The point cloud is generated from lidar data and RGBD data from Ddog and mobile phone. After data acquisition is complete, it is normalized through a single coordinate system and matched to a global state that brings together all imaging and 3D positioning data.
Operation is entirely dependent on the quality of the robotic arm gripper mounted on the Ddog, the one pictured below is manufactured by Boston Dynamics.
Limit the use cases in the experiment to basic interactions with objects in predefined locations.

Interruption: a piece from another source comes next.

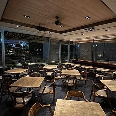 木目調のWoodyなダイニングフロア。大きな窓からは丸の内の夜景が一望できます。2名様~40名様まで。デート、各種宴会など用途は様々。
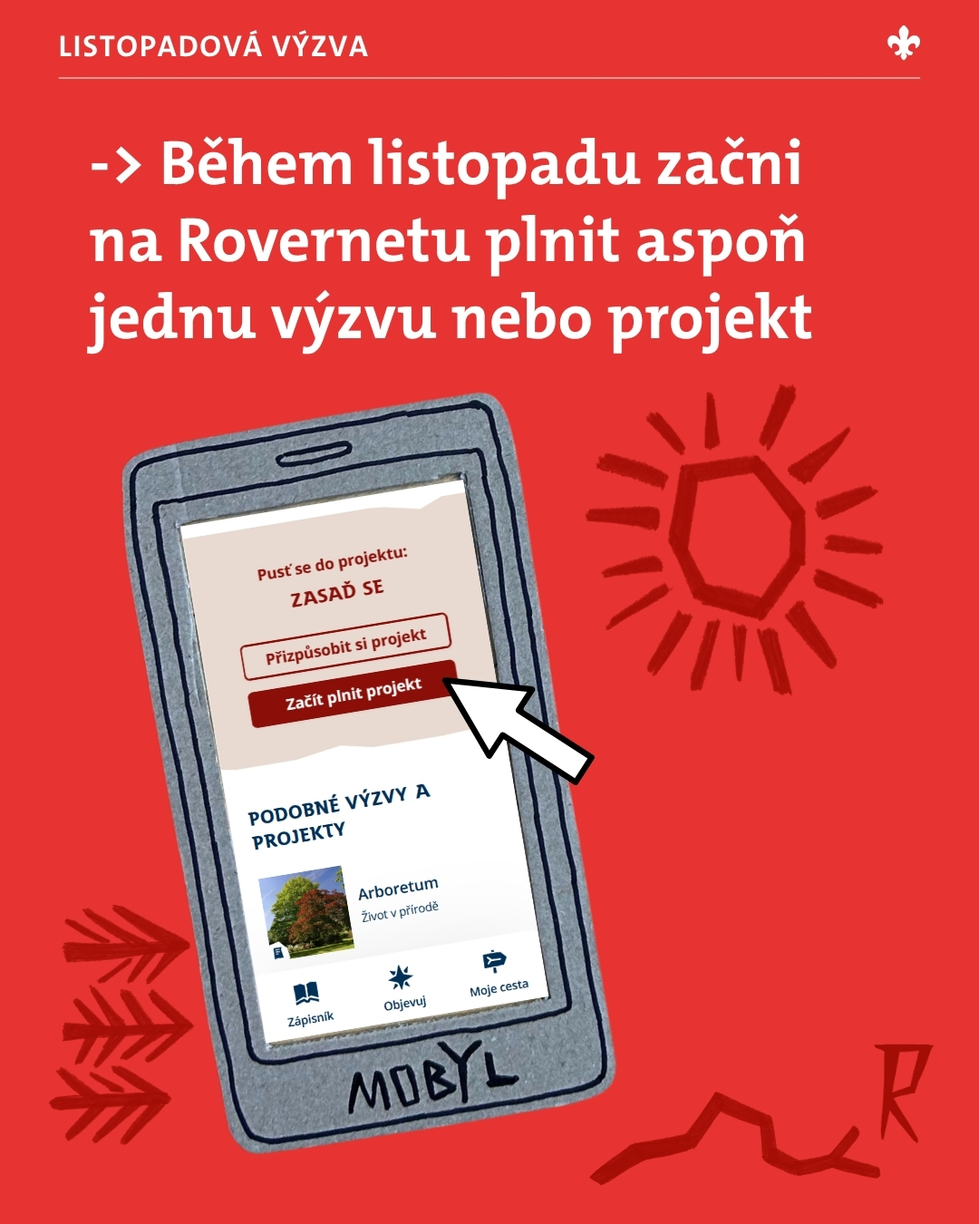 Kdykoliv během listopadu si vyberte projekt nebo výzvu, která vás zajímá, a začněte ji v aplikaci Rovernetu plnit. Nemusíte ji stihnout dokončit, důležitý je první krok! Výherce*výherkyně vylosujeme 1.12. ze všech uživatelů, kteří se v listopadu pustí do plnění.

The author drew a large laboratory space and set it up as an "apartment", which contained a "kitchen" area (with a tray with different cups and bottles), The "living room" area (small sofa with pillows and small coffee table), and the "window lounge" area.
The number of use cases is constantly growing, so the only way to cover most use cases is to deploy a system to run continuously for a period of time and use the data to Optimize such sequences and experiences.
EEG data is collected from the AttentivU device. The electrodes of AttentivU glasses are made of natural silver and are located at TP9 and TP10 according to the international 10-20 electrode placement system. The glasses also include two EOG electrodes located on the nose pads and an EEG reference electrode located at the Fpz position.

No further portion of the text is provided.